Do away with the tipping language... charge a delivery fee for the company and pay us a base pay and guarantee us the service fee... considering the fact that we have the right to reject these offers. We are not employees. It might filter out some customers that would otherwise not place a small order, but in the end it would clean up the service.

They've ruined the experience so bad because they don't understand how to retain customers through ultimate customer service!

Not to mention they piss off merchants royally when orders don't get picked up. They shoot themselves in the foot. If we were employees then yes we would not be able to reject orders because it would cost us our job.

The law the law!! the reject button has to be there no matter how hard they try to trick you in to losing money and doing shitty offers!


----------



## Solid 5 (Aug 24, 2018)

Ummm PM orders don't tip right away, sometimes it takes days to show up on your app


----------



## 1776abe (Apr 8, 2019)

My last 3 orders on pm was 3.. 3.50.. and 4.25. not one of them tipped. It was 2 weeks ago. I threw my card away. At least with gh I know what I'm getting and if I get screwed with a 13 mile run at least it wasn't for 4 bucks


----------



## Uberdriver2710 (Jul 15, 2015)

#lowpaynoway


----------



## Solid 5 (Aug 24, 2018)

1776abe said:


> My last 3 orders on pm was 3.. 3.50.. and 4.25. not one of them tipped. It was 2 weeks ago. I threw my card away. At least with gh I know what I'm getting and if I get screwed with a 13 mile run at least it wasn't for 4 bucks


I stopped doing PM due to the fact that the vast majority of restaurants make you order when you get there. Not going to wait at a pizza place on a Saturday night for half an hour for a pizza to deliver 1.5 miles to some lazy millennial on the 4th floor


----------



## mbd (Aug 27, 2018)

Impossible whopper- good burger, surprised , tastes like reg whopper ?


----------



## dlearl476 (Oct 3, 2017)

My cutoff is $5. Ever since GH changed their pay model, I get a few $4-$5 offers daily. Nope, not doing it.

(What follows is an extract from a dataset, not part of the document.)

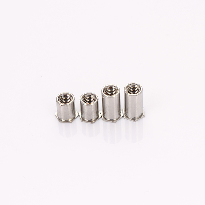 మొదట, షీట్ మెటల్లో రంధ్రం వేయండి. రంధ్రం పరిమాణం తప్పనిసరిగా త్రూ హోల్ షట్కోణ రివెట్ నట్ యొక్క బయటి వ్యాసంతో సరిపోలాలి-చాలా పెద్దది మరియు అది లాక్ చేయబడదు, చాలా చిన్నది షీట్ను దెబ్బతీస్తుంది. రంధ్రంలో మిగిలి ఉన్న ఏదైనా మెటల్ షేవింగ్లను శుభ్రం చేయండి; వారు సంస్థాపనను నిరోధించవచ్చు.

The good news? After a lull at the beginning of summer, it's picking back up. Drove 6 hours yesterday and it was pretty much non-stop. Ended up averaging ~$15/hr. which is fine when I'm driving my 40mpg car. Can't wait until school starts again.


----------



## Uberdriver2710 (Jul 15, 2015)

dlearl476 said:


> My cutoff is $5. Ever since GH changed their pay model, I get a few $4-$5 offers daily. Nope, not doing it.
> 
> The good news? After a lull at the beginning of summer, it's picking back up. Drove 6 hours yesterday and it was pretty much non-stop. Ended up averaging ~$15/hr. which is fine when I'm driving my 40mpg car. Can't wait until school starts again.


Woo hoo!!!!

+$10 means more money and less miles!

I'll sit and wait, I have a laptop and a nintendo switch with Zelda BOTW!!!


----------



## Teksaz (Mar 16, 2015)

Uberdriver2710 said:


> I'll sit and wait, I have a laptop and a nintendo switch with Zelda BOTW!!!


What do you make, about $40 bucks a day lol


----------



## Uberdriver2710 (Jul 15, 2015)

Teksaz said:


> What do you make, about $40 bucks a day lol


Lolz!!! It's slow right now! normal days are $60...$80...occasionally $140...it really depends on the day...


----------



## Brokenglass400 (Jul 3, 2017)

dlearl476 said:


> My cutoff is $5. Ever since GH changed their pay model, I get a few $4-$5 offers daily. Nope, not doing it.
> 
> The good news? After a lull at the beginning of summer, it's picking back up. Drove 6 hours yesterday and it was pretty much non-stop. Ended up averaging ~$15/hr. which is fine when I'm driving my 40mpg car. Can't wait until school starts again.


15? is that after gas and expenses?


----------